Governo Trump prende mais imigrantes em comparação a 2016

Do UOL, em São Paulo

  • David McNew/ AFP

    Agente patrulha muro na fronteira entre EUA e México em San Ysidro, Califórnia

    Agente patrulha muro na fronteira entre EUA e México em San Ysidro, Califórnia

O número de pessoas presas por agentes de imigração nos primeiros meses do governo Trump aumentou quase 40% em comparação com o ano passado.

Agentes da imigração dos EUA prenderam 41.300 imigrantes suspeitos de estarem ilegalmente no país entre 22 de janeiro e 29 de abril. Donald Trump tomou posse no dia 20 de janeiro deste ano. As informações foram divulgadas nesta quarta-feira (17).

A agência americana de imigração disse que 30.000 imigrantes foram presos no mesmo período em 2016, ainda no governo do democrata Barack Obama.

Um em cada quatro imigrantes detidos este ano não tinha acusações formais.

O número de pessoas deportadas dos EUA caiu sob a presidência de Donald Trump, segundo a Associated Press.

Trump tem tentado limitar a entrada de imigrantes nos EUA. Em março, Trump aprovou um veto migratório que suspendia durante 90 dias os vistos aos imigrantes de seis países de maioria muçulmana (Irã, Síria, Sudão, Líbia, Somália e Iêmen) e durante 120 o programa de amparo de refugiados.

Ao contrário do veto anterior, de janeiro, Trump deixou fora da suspensão de vistos os cidadãos iraquianos e os dessas seis nações que já gozam de residência permanente.

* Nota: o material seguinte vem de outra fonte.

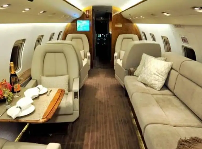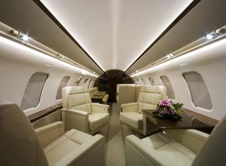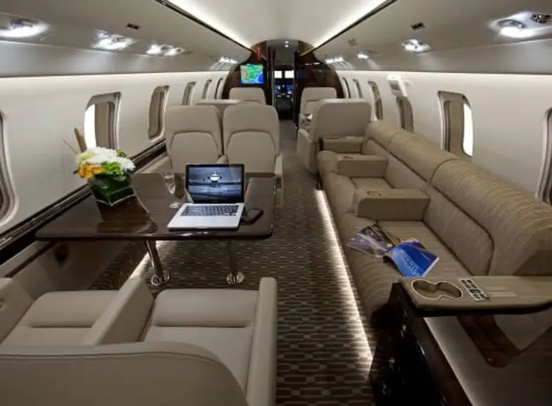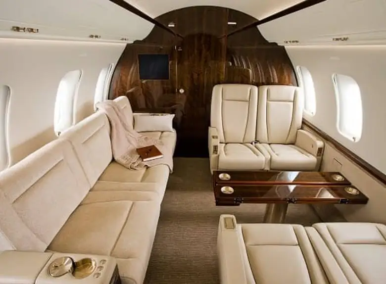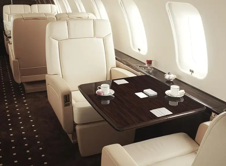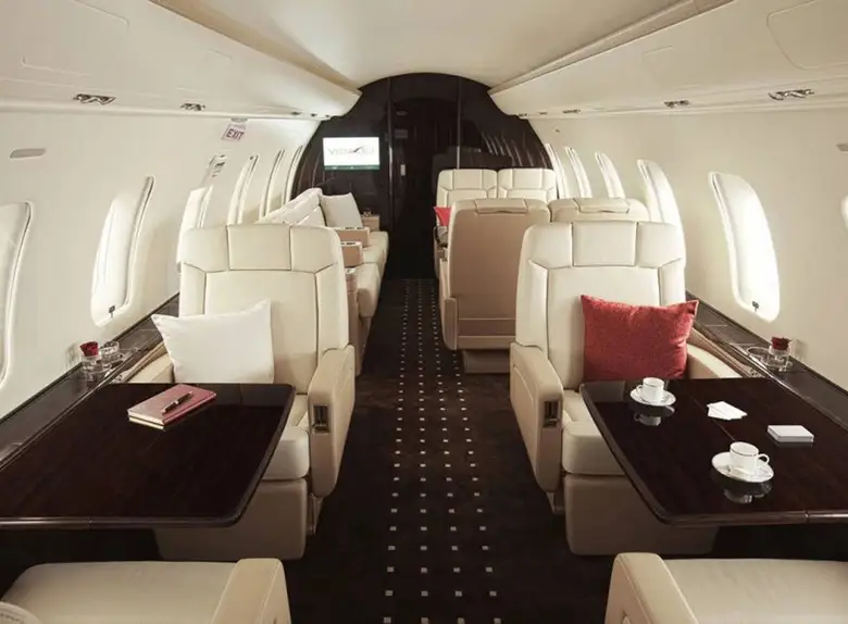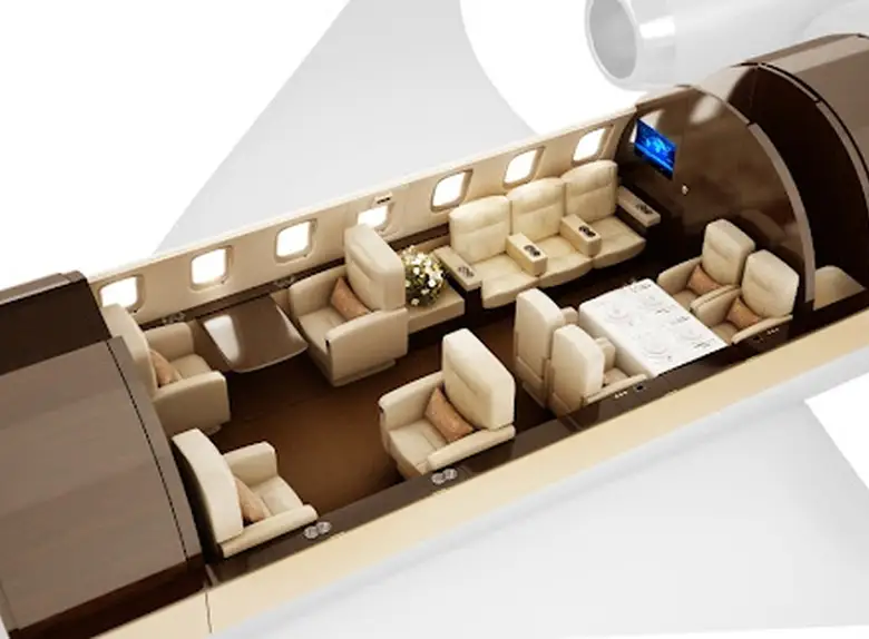 Салон обычно разделен на три отдельные зоны, позволяя пассажирам работать, обедать и отдыхать в специально отведенных местах. Повсюду используются материалы премиум-класса, включая отобранный вручную деревянный шпон, тонкую кожу и ковровое покрытие, выполненное на заказ. Модульная кухня расположена в передней части салона, а просторная туалетная комната с гардеробом занимает заднюю часть, обеспечивая оптимальную приватность и удобство для пассажиров.

Além disso, eliminou a suspensão permanente ao amparo de refugiados sírios e suprimiu as referências religiosas.

O presidente americano tomou a decisão de apresentar um segundo veto depois de receber vários revezes judiciais com o anterior. No entanto, esse segundo veto migratório também foi bloqueado pela Justiça americana.

No mês passado, o procurador-geral dos Estados Unidos, Jeff Sessions, anunciou que o governo de Donald Trump enviará mais juízes de imigração aos centros de detenção da fronteira com o México e haverá um maior empenho em castigar pessoas sem documentos que reingressarem ao país depois de serem deportadas.

"Para aqueles que continuam tentando entrar de maneira ilegal neste país, estejam advertidos, esta é uma nova era, esta é a era Trump", disse Sessions durante uma entrevista na cidade fronteiriça de Nogales, no Arizona.

Com o muro fronteiriço com o México como pano de fundo, o procurador-geral reiterou que o governo Trump manterá uma luta frontal contra a imigração sem documentos, bem como contra organizações criminosas, cartéis de droga e gangues.

"É aqui, ao longo da fronteira, que gangues transnacionais como a MS-13 e os cartéis internacionais inundam nosso país de droga e deixam morte e violência. E é aqui onde os criminosos sem documentos, os coiotes e os falsificadores de documentos buscam derrotar nosso sistema legal de imigração", completou.

Sessions disse ter escrito a todos os procuradores federais do país para avisar-lhes que o procedimento contra aqueles que violam as leis de imigração é uma prioridade.

Assim, os indocumentados que reingressarem ao país depois de terem sido deportados enfrentarão acusações criminais, se forem constatados certos agravantes, especialmente em casos de pessoas relacionadas com quadrilhas ou que, sob seu ponto de vista, representem um risco para a segurança pública.

Também serão castigados duramente aqueles que traficam pessoas sem documentos, especialmente os que ajudam criminosos e membros de gangues a cruzar a fronteira.

Os procuradores federais poderão ainda apresentar acusações contra os indocumentados pelo uso de documentos falsos ou o roubo de identidade agravado, o que poderia levar-lhes a uma sentença de um mínimo de dois anos de prisão.